Another class of high-surface-area Ca-based sorbents, silicate sorbents, has been prepared
extensively in EPA laboratories. Silicate sorbents are hydrated lime and silica source reaction
products, a calcium silicate gel. This calcium silicate gel has high surface area (100-200 m2/g),
thin layers of free lime [Ca(OH)2], and substantial moisture that allows simultaneous in-duct
absorption of acid gases and flue gas cooling.21,22,23
It was hypothesized that adding oxidant to silicate sorbents should result in a more efficient Hg°
sorbent due to improved dispersion of active sites over a larger surface area. Placing the oxidant
on the calcium-silicate sorbents proved to be problematic due to oxidant decomposition.
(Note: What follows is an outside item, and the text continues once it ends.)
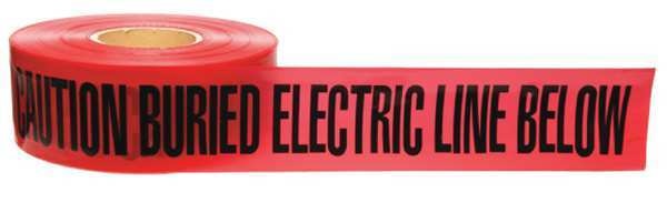 Underground Tape, Red/Black, 1000ft x 3 InSKU G5200264Categories Adhesives, Epoxy & SealantsDescription Underground Warning Tape, Legend Caution Buried Electric Line Below(Text on One Line), Red, Material Polyethylene, Roll Length 1,000 ft, Roll Width 3 in, Thickness 4 mil, Black Legend ColorgraingerSKU: 15Y421, mscSKU: , zoro_no: G5200264, mongo_id: 65bbe75b9a749db8227317ca

Rather
than incorporating the oxidant solution in the calcium-silicate reaction, oxidant solution was
added to the finished dry silicate sorbent. No significant improvement in Hg° uptake was
observed. The oxidant was believed to have decomposed prior to the formation of significant
active sites. This observation, and the fact that oxidized hydrated limes described above were
significantly less efficient in capturing Hg° than an activated carbon, prompted the exploration of
more effective oxidants.
By changing oxidants, decomposition of these compounds may be manageable, resulting in
dispersed oxidant in the pore structure of the Ca-based sorbents. These active sites will be
available to oxidize and sequester Hg°, NOx, and SO?, upon exposure. A series of oxidants and
Ca-based sorbent production processes were investigated. Oxidant-enriched hydrated limes and
silicate sorbents were screened based on Hg°, NOx , and S02 capture efficiency. The capture
efficiency of sorbents toward Hg° and SO2 was further compared to that of an activated carbon.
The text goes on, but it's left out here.